Indeed, while it would be beneficial from a resource-saving perspective to avoid additional data collection for validation altogether, having multiple data collection phases can be useful. In particular, the amount of data—the sample size—required for validation can be better predicted once the model has been better understood following testing. If all the data is collected before the model is trained and tested, the validation dataset can end up being too small, or indeed unnecessarily large.
It can also be a good idea to build in a feasibility pause into the early stages of the ML development process. There is no guarantee that a ML model will be able to solve every problem, so it is wise to attempt to train a model on a small amount of data to check it’s possible before collecting the amount of data required for full training and testing.
Moving Forward: Building regulations for AI-based devices
As we mentioned earlier, the current regulatory approval process is generally designed for static devices. This can limit the capabilities of ML devices.
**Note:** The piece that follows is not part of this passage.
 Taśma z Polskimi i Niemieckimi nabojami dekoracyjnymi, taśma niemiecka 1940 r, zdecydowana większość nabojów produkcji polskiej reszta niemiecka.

In particular, the requirement to lock down models before validation means that one of the key advantages of ML is lost: the ability to tune models to certain population subsets even, potentially, down to the individual.
Take our maximal lung capacity example. Imagine we wanted to use the device in hospitals both at sea level in Florida and at altitude in Colorado. We might expect that the correlations between breathing and lung capacity might be different between Floridians and Coloradoans, meaning the ML model was less predictive for the latter. If the model was allowed to evolve with routine use, however, the model used in Colorado hospitals could account for these differences. This process could be replicated for every population in which the device was used, giving more effective predictions than a locked down model could ever hope for.
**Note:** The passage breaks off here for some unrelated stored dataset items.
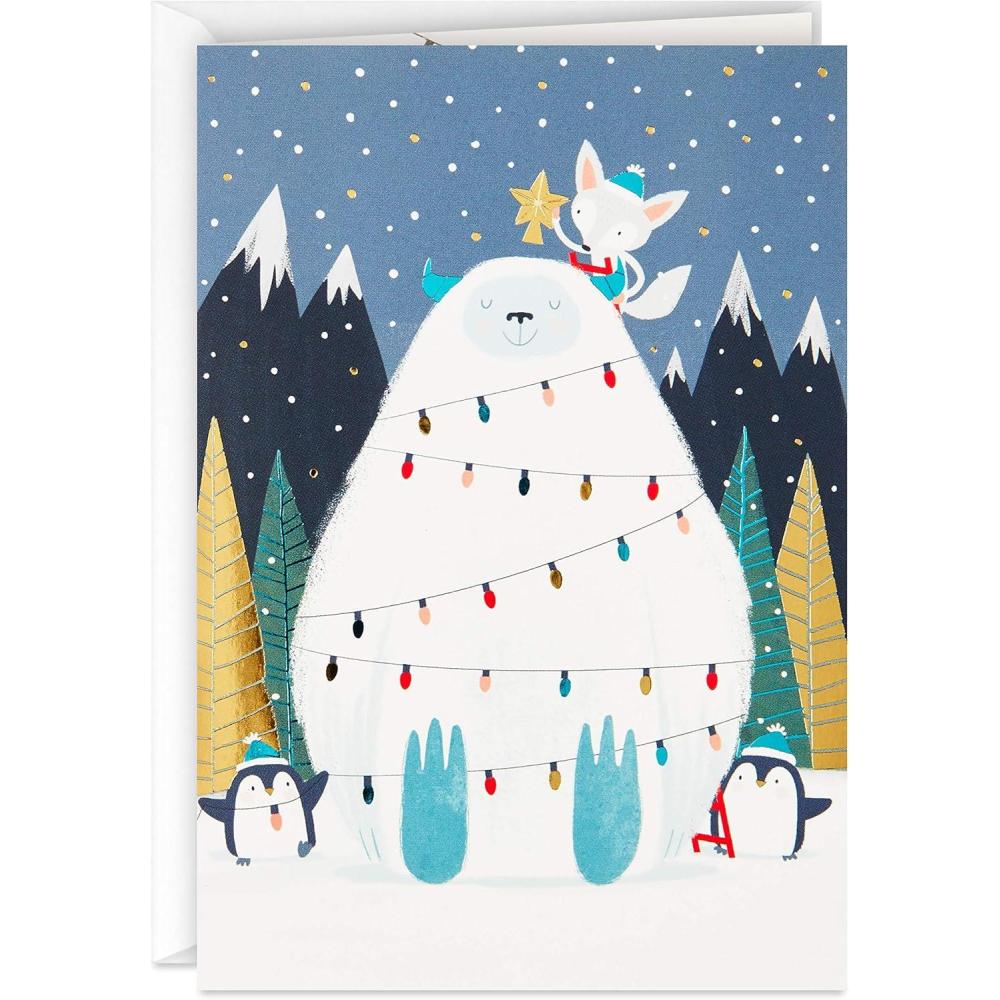 Send warm wishes to your holiday card recipients this year with these boxed Christmas cards featuring a fun foil-accented, abominable snowman design and wishes for a cheerful holiday. With 12 cards and 13 envelopes, this pack includes just the right amount for sharing holiday greetings with the friends and family closest to you. Buy several packs to send a Christmas wish to everyone on your list. A portion of the sales from this boxed set will be donated to UNICEF. The Hallmark brand is widely recognized as the very best for greeting cards, gift wrap, and more. For more than 100 years, Hallmark has been helping its customers make everyday moments more beautiful and celebrations more joyful.
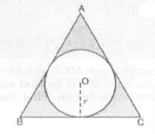 8.   In the figure, a circle is inscribed in an equilateral triangle ABC of side 12 cm. Find the radius of teh inscribed circle and the area of the shaded region. [Use π = 3.14 and = 1.73]
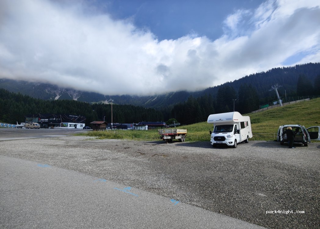 Velké parkoviště. Nedá se zůstat přes noc. Hned vás nahlásí na policii. V Tyrolsku jedině zůstat v kempech.
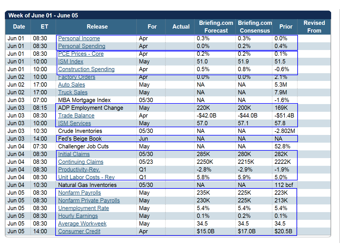 Among these will be the Non-Farm Payrolls number for May, which will be released on Friday.

There would, clearly, still be some form of regulation required for such processes. One way this could be implemented was a well-defined procedure by which the model could be retrained. For example, a model could be retrained by a pre-determined process every six months, or after a certain number of patients had been treated using the device. This would reduce the speed at which the model evolves, meaning it would be easier to keep checks on.
The details are a discussion for another time but, for now, the key takeaway is this: AI and ML is coming. It has, in fact, already come in many fields where it is already providing significant advantages over older technology. As more and more ML devices seek regulatory approval, it is vital that developers have a good understanding of regulatory requirements and how they interact with the ML development process. And, it is similarly important that medicine as a field begins to consider ways to regulate ML devices in a way which better allows the advantages of the technology to shine through.